The last of the horses has been slain and its meat eaten. Now we must make do with griddle cakes and porridge made from last season’s grain, but our stores have dwindled terribly.
George and Bennett Townsend set out for the ruins of Swannhaven at first light in search of supplies that the Iroquois might have overlooked. Father thought them fools, but it is true that, save for some strange sounds from the forest, we have not seen the Indians since their attack. Nevertheless, George and Bennett left hours ago and there has been no sign of them. The sun has fallen behind the mountains, and we fear they shall not return to us.

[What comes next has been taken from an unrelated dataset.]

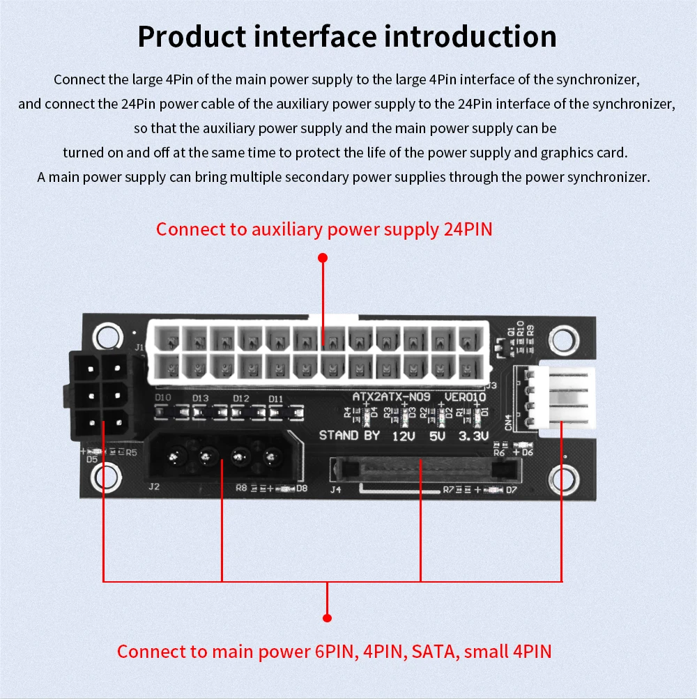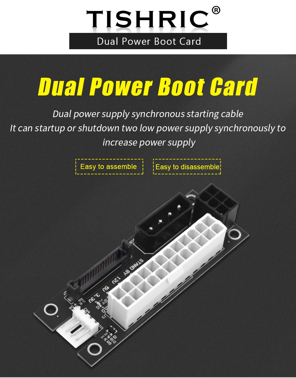 TISHRIC 3 интерфейса Add2psu для BTC Mining 24Pin для 4Pin/6Pin/SATA Molex Dual PSU блок питания Синхронизация адаптер карта ATX 2ATX

For our family, we have fared better than many. Emmett is sick, and you know how difficult the cold is for him. James has lost some weight, as we all have, but I now see beneath his childhood face the handsome man he will become. And our Jack is the bravest of the men, and no Iroquois hatchet can match the acuity of his wit. He keeps the men strong and can coax a smile from even Goody Smythe.
But as much as Jack keeps our spirits high, and Father’s sermons keep our resolve strong, we worry about the winter, and we worry about the war. The fall of the fort at Ticonderoga still weighs upon us, and before the snows we learned the ill news that the British army that took New York has now seized Philadelphia from General Washington. Does the general still live? The men whisper of old rumors that more of the king’s armies march on us from Quebec. I wonder if Boston has fallen, as well. I fear for you, sister.
The only solace is that it is difficult to think beyond the hunger that gnaws at us. Worries of the war pale beside the imperatives of our empty stomachs. The world has never seemed more far away. Pray for us, dear sister, as I shall pray for you.